The foregoing points are important because when a copy of the agenda is sent to a member, he is in a position to form a definite opinion of the subject matter to be discussed at the meeting. while preparing the agenda, care should be taken for the order of the matters to be discussed, as the order of the agenda cannot be altered except with consent of the meeting. sometimes, the agenda is drafted in such a manner that it can serve the purpose of minutes later on. Some space is left opposite each agenda item and the secretary writes it up during the meeting; this practice is very common in the preparation of agenda for Board meetings.

sometimes, companies maintain an Agenda Book, wherein the agenda items are entered. It is placed before the chairman of the meeting and is regarded as the agenda' Those placed before the members or other directors are copies only. Later, the Agenda book becomes a permanent record for future reference.

Proxy (s.176).In the case of a company, every member of a company entitled to attend and vote at a meeting has the right to appoint another person, whether a member or not to attend and vote for him. The term proxy is applied to the person so appointed. Also, it refers to the instrument by which a member of a company appoints another person to attend the meeting and vote on his behalf. However, the proper term for this document is proxy form or proxy paper. The following points about proxies are to be noted: (i) A proxy has no right to speak at the meeting. (ii) A proxy need not be a member of the company. (iii) The instrument appointing a proxy must be in writing and signed by the appointed. (iv) The proxy form must bear the date of the meeting. (v) No company can make it compulsory for any one to lodge proxies earlier than 48 hours before the meeting. (vi) A proxy may be revoked before the person appointed has voted. (vii) A proxy can demand a poll. (viii) A proxy cannot vote against the wishes of his appointer.
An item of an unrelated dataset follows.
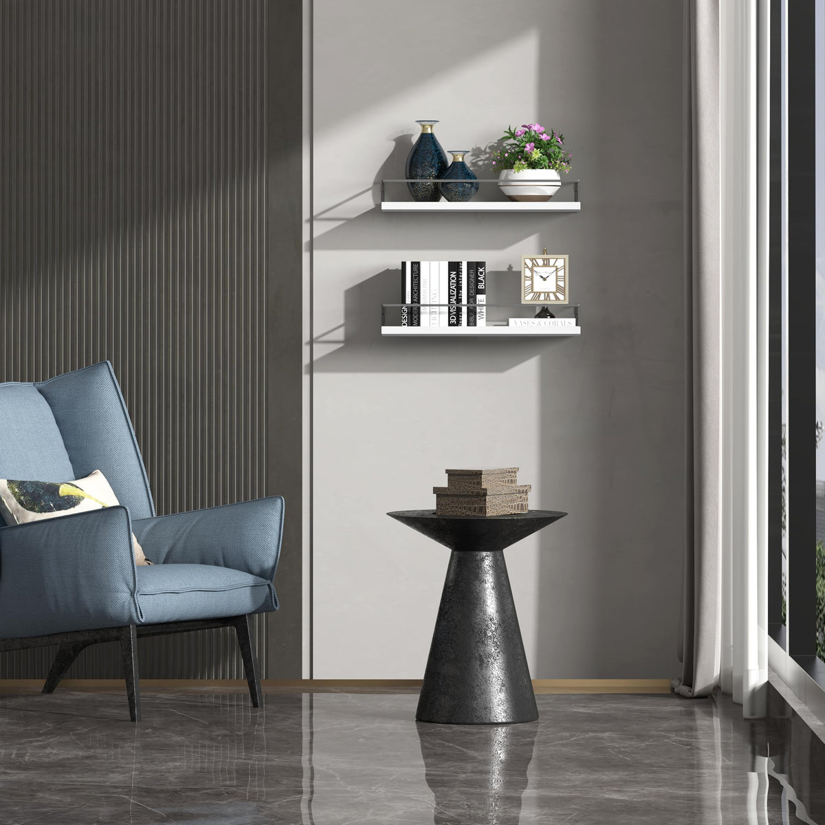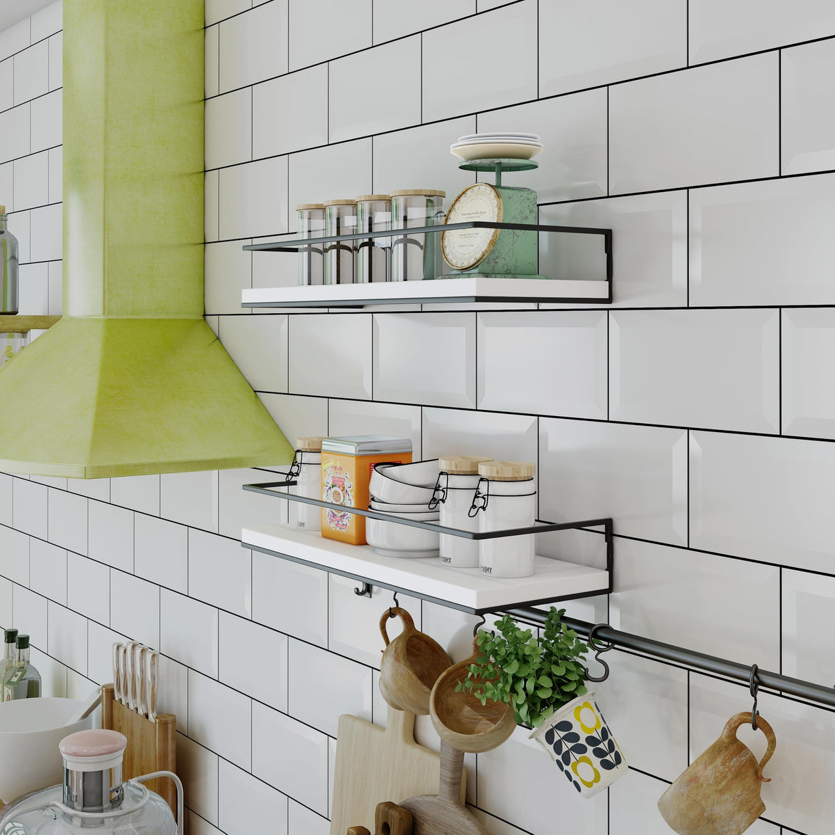 Shario Floating Shelves - Set Of 2, Wall Mounted Hanging Shelves With Golden Towel Rack, Decorative Storage Shelves For Bathroom, Kitchen, Living Room & Bedroom (White Grey)

Secretarial work as regards proxies. (a) Scrutinise the proxy forms to see whether they comply with the provisions the Act, and the bye-laws and rules of the organisation. (b) Any proxies received after the stipulated time limit must be returned with a note that they cannot be accepted. (c) Any irregularities in proxy forms should be reported to Chairman of the meeting, as he is the final authority to accept or reject them. (d) Each correct proxy form is countersigned by the Secretary. (e) Enter the correct proxy forms in Register of proxies. (f) Return the proxy form to the member together with an Admission card in the name of the proxy.